The deeper lesson of the MetLife decision is about power in global football. FIFA's selection process for World Cup venues is nominally based on objective criteria: stadium capacity, infrastructure, accommodation, transportation, legacy. The 2026 decision demonstrated that these criteria are secondary to the commercial logic of broadcast revenue. The World Cup final was not awarded to the best stadium. It was awarded to the time zone that maximized the value of European television contracts. The symbolism was not lost on anyone, least of all the Los Angeles organizing committee that had spent years and millions preparing a bid that was, in the end, defeated by geography and television economics.

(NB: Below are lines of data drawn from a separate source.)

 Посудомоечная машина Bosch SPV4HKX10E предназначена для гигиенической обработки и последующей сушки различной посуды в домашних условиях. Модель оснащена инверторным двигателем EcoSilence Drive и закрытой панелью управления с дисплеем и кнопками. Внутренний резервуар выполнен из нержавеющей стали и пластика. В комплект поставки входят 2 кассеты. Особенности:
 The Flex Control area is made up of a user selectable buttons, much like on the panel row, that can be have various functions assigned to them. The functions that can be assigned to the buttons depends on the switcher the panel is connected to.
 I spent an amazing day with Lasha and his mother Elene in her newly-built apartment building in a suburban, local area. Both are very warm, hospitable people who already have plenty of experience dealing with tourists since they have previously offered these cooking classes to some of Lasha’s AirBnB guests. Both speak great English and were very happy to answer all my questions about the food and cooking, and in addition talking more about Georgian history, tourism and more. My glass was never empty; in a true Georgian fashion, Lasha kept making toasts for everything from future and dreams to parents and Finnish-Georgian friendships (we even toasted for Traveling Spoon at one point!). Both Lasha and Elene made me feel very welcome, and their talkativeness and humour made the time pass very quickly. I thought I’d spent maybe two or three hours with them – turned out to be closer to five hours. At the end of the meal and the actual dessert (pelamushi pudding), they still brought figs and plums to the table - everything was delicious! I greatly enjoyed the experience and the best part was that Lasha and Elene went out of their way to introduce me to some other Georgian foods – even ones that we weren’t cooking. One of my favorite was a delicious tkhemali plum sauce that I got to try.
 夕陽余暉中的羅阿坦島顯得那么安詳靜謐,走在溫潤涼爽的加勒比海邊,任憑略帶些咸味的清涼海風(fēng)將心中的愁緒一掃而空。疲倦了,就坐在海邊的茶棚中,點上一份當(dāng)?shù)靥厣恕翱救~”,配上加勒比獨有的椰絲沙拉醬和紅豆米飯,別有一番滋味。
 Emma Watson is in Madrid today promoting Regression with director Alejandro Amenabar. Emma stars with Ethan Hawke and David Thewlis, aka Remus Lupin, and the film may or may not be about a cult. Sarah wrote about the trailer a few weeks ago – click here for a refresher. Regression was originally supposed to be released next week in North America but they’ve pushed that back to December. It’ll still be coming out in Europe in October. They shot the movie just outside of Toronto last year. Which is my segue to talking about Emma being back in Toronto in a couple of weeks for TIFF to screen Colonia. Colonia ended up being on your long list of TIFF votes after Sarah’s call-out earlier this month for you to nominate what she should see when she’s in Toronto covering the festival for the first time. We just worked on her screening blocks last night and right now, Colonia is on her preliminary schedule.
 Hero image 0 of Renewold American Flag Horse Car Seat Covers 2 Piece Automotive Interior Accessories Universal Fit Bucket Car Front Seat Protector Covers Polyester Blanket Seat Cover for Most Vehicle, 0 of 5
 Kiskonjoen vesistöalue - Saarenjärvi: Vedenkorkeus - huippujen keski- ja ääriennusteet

Los Angeles will still host multiple matches during the 2026 tournament, including knockout-stage fixtures that will draw global attention and fill SoFi Stadium to its considerable capacity. The city's World Cup will be successful by any reasonable measure. But the final will be played elsewhere -- in a stadium that won not because it was better but because it was earlier in the day, in a time zone that delivers European viewers to their television sets at an hour that maximizes advertising revenue. The World Cup belongs to the broadcasters. The 2026 final venue decision simply made it impossible to pretend otherwise.